Employed

Up, and was presented by Burton, one of our smith’s wives, with a very noble cake, which I presently resolved to have my wife go with to-day, and some wine, and house-warme my Betty Michell, which she readily resolved to do. So I to the office and sat all the morning, where little to do but answer people about want of money; so that there is little service done the King by us, and great disquiet to ourselves; I am sure there is to me very much, for I do not enjoy myself as I would and should do in my employment if my pains could do the King better service, and with the peace that we used to do it.
At noon to dinner, and from dinner my wife and my brother, and W. Hewer and Barker away to Betty Michell’s, to Shadwell, and I to my office, where I took in Mrs.

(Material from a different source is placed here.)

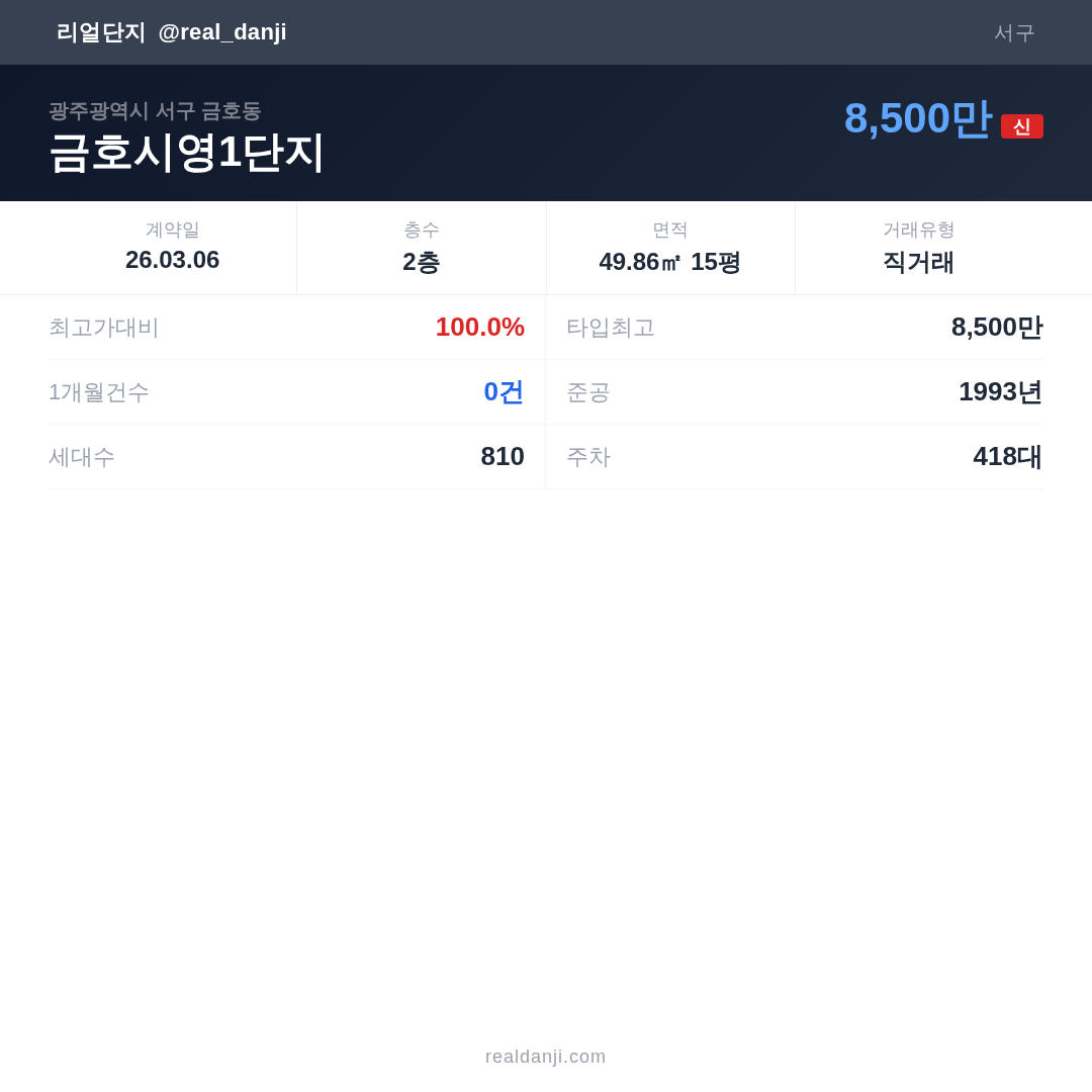 금호시영1단지 최근 거래가는 8,500만입니다. (2026-03)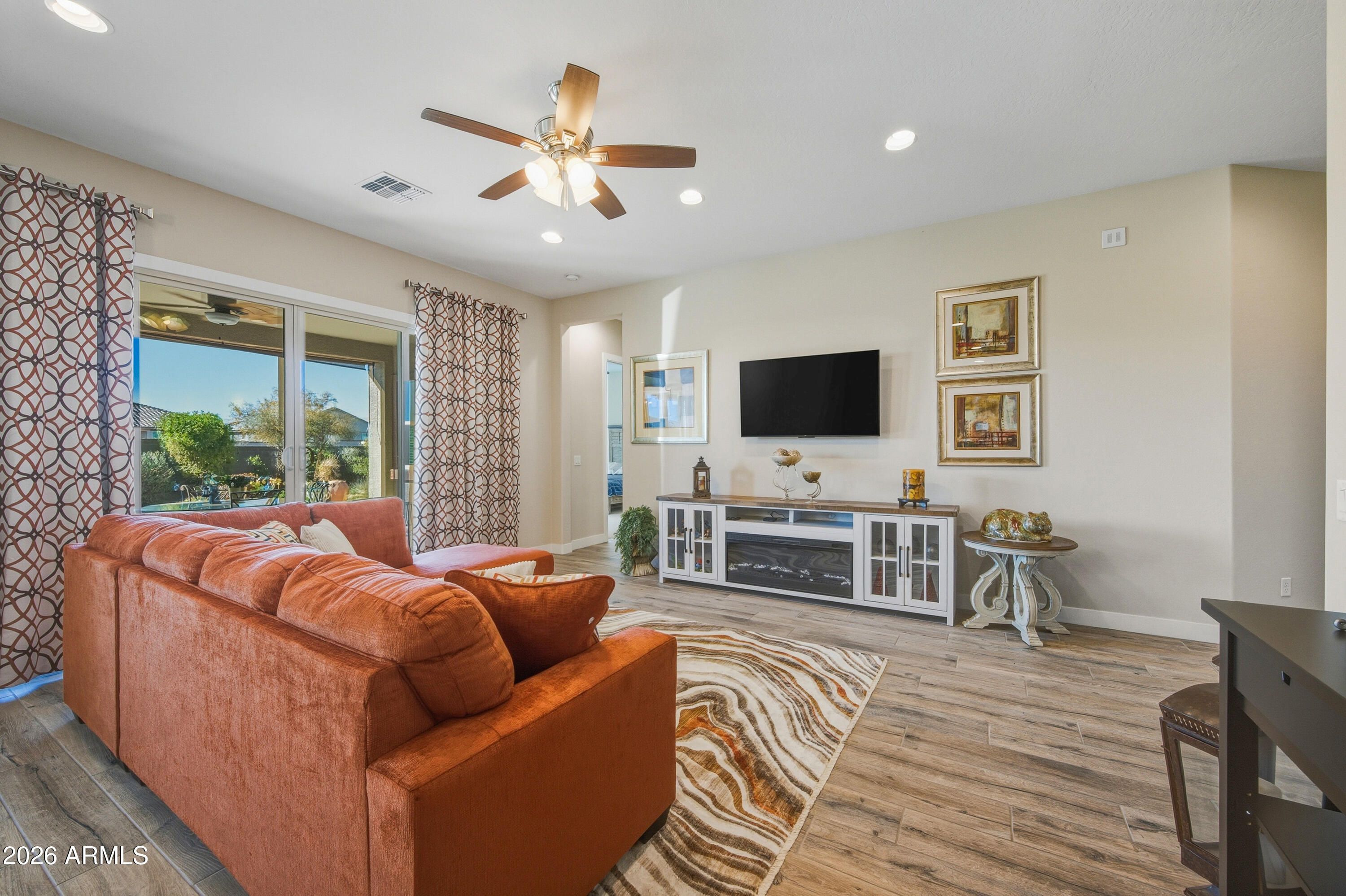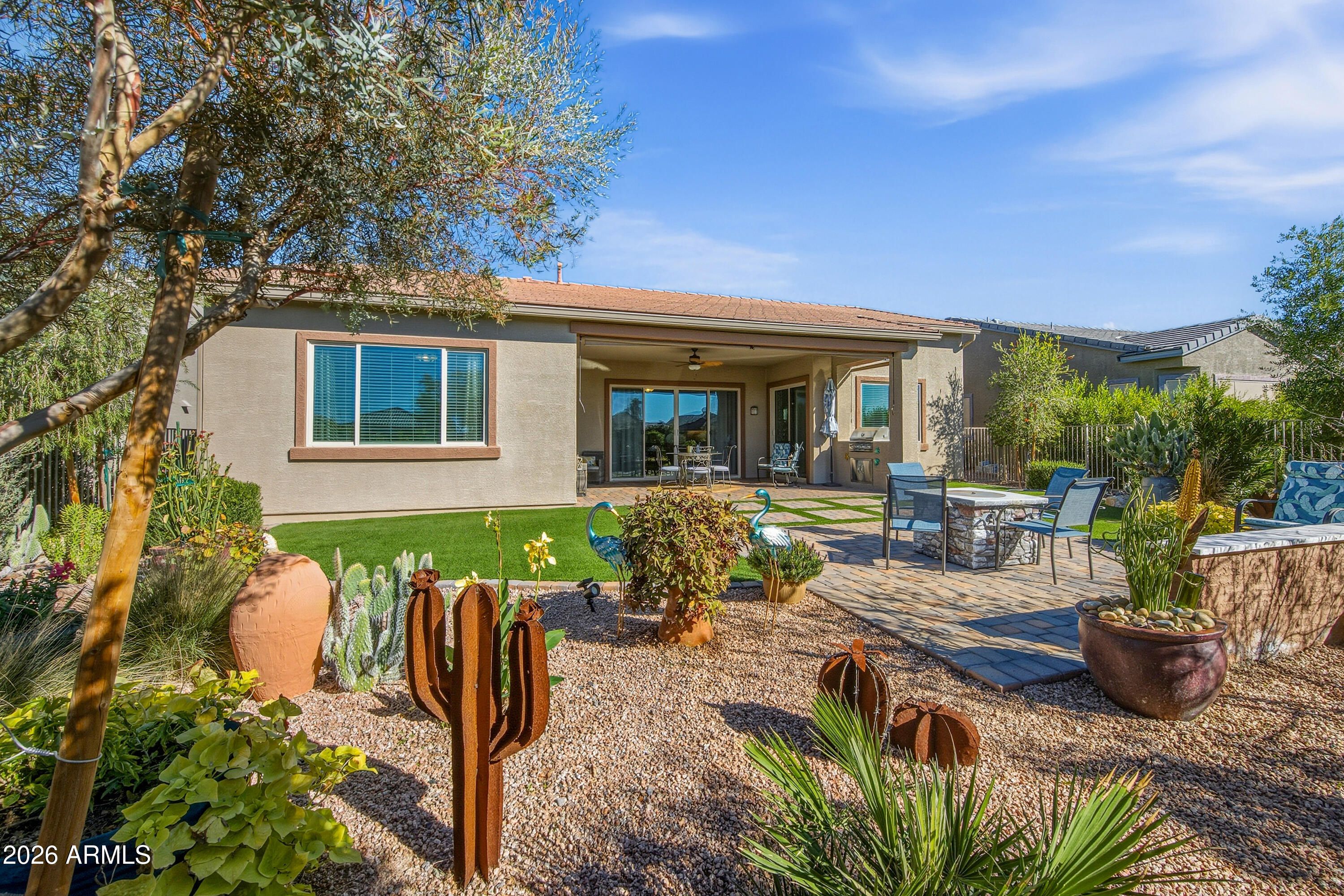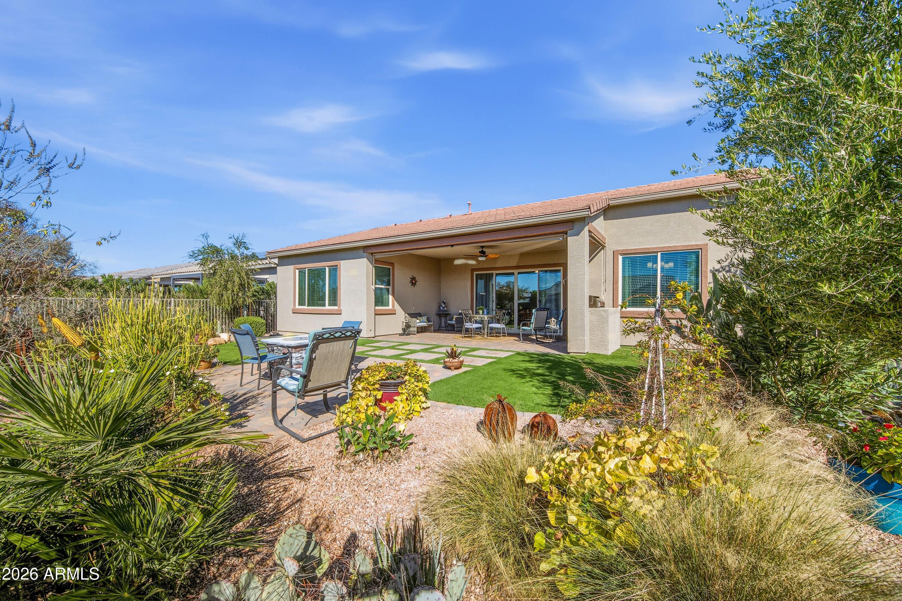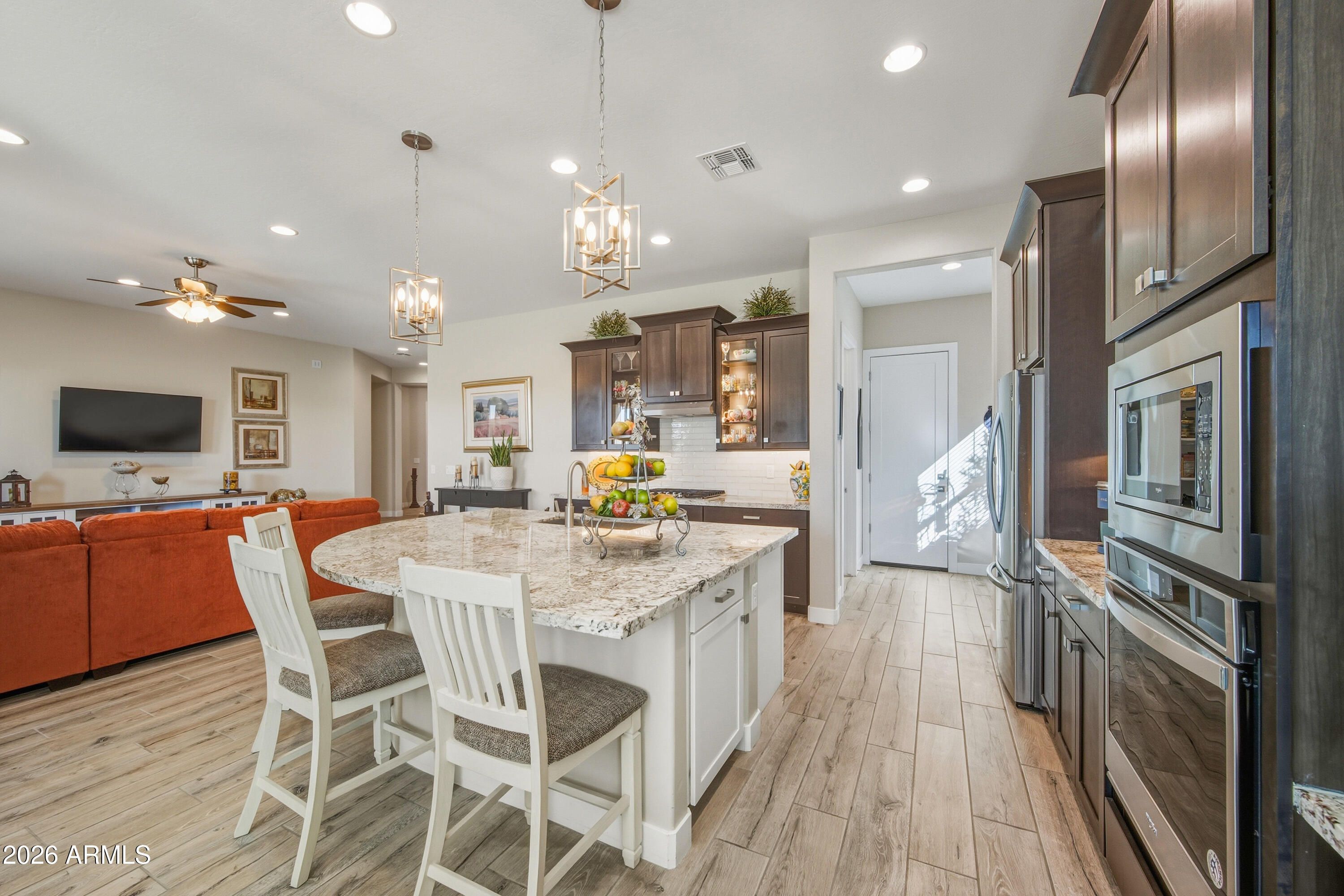 Experience elevated resort-style living in the highly sought-after Province at Maricopa, a premier active adult community offering exceptional amenities, scenic lakes, and a vibrant lifestyle. This beautifully upgraded 2-bedroom, 2.5-bath residence with a den showcases over $80,000 in seller improvements, delivering a rare blend of luxury, functionality, and thoughtful design. The open-concept layout is filled with natural light and features wide plank flooring, recessed lighting, ceiling fans, and a spacious great room ideal for entertaining or everyday comfort. The gourmet kitchen anchors the home with a large center island, granite countertops, stainless steel appliances, pendant lighting, abundant cabinetry, and a generous walk-in pantry. The kitchen flows seamlessly into the dining and living spaces and opens to the expansive covered patiocreating an effortless indoor-outdoor lifestyle. The private primary suite offers a relaxing retreat with a spa-inspired bath featuring dual vanities, an oversized walk-in shower with bench seating and glass enclosure, and excellent storage. A spacious secondary bedroom with nearby full bath and a versatile den provide flexibility for guests, hobbies, or a home office. A convenient powder bath adds functionality for entertaining. Step outside to a professionally landscaped backyard designed for year-round enjoyment, featuring a covered patio with ceiling fan, paver walkways and seating areas, low-maintenance artificial turf, mature desert plantings, accent lighting, and a built-in firepitperfect for relaxing evenings or hosting guests. The oversized garage is a standout feature with extensive custom cabinetry, work surfaces, overhead storage racks, and exceptional organization, ideal for hobbies, storage, or projects. Residents enjoy access to Province's impressive amenities including a clubhouse, fitness center, indoor and outdoor pools, pickleball and tennis courts, walking trails, lakes, dining options, and a full calendar of social and recreational activities. Conveniently located near shopping, dining, medical services, and commuter routes, this move-in-ready home offers comfort, quality, and an exceptional lifestyle opportunity. Truly a must-see property showcasing pride of ownership and outstanding upgrades throughout.

Bagwell and did what I would with her, and so she went away, and I all the afternoon till almost night there, and then, my wife being come back, I took her and set her at her brother’s, who is very sicke, and I to White Hall, and there all alone a pretty while with Sir W. Coventry at his chamber. I find him very melancholy under the same considerations of the King’s service that I am. He confesses with me he expects all will be undone, and all ruined; he complains and sees perfectly what I with grief do, and said it first himself to me that all discipline is lost in the fleete, no order nor no command, and concurs with me that it is necessary we do again and again represent all things more and more plainly to the Duke of York, for a guard to ourselves hereafter when things shall come to be worse. He says the House goes on slowly in finding of money, and that the discontented party do say they have not done with us, for they will have a further bout with us as to our accounts, and they are exceedingly well instructed where to hit us. I left him with a thousand sad reflections upon the times, and the state of the King’s matters, and so away, and took up my wife and home, where a little at the office, and then home to supper, and talk with my wife (with whom I have much comfort) and my brother, and so to bed.

with little to do but answer
a little king

I do not enjoy my employment
in the service of service

I see what grief we come to
in our reflections


Erasure poem derived from The Diary of Samuel Pepys, Thursday 1 November 1666.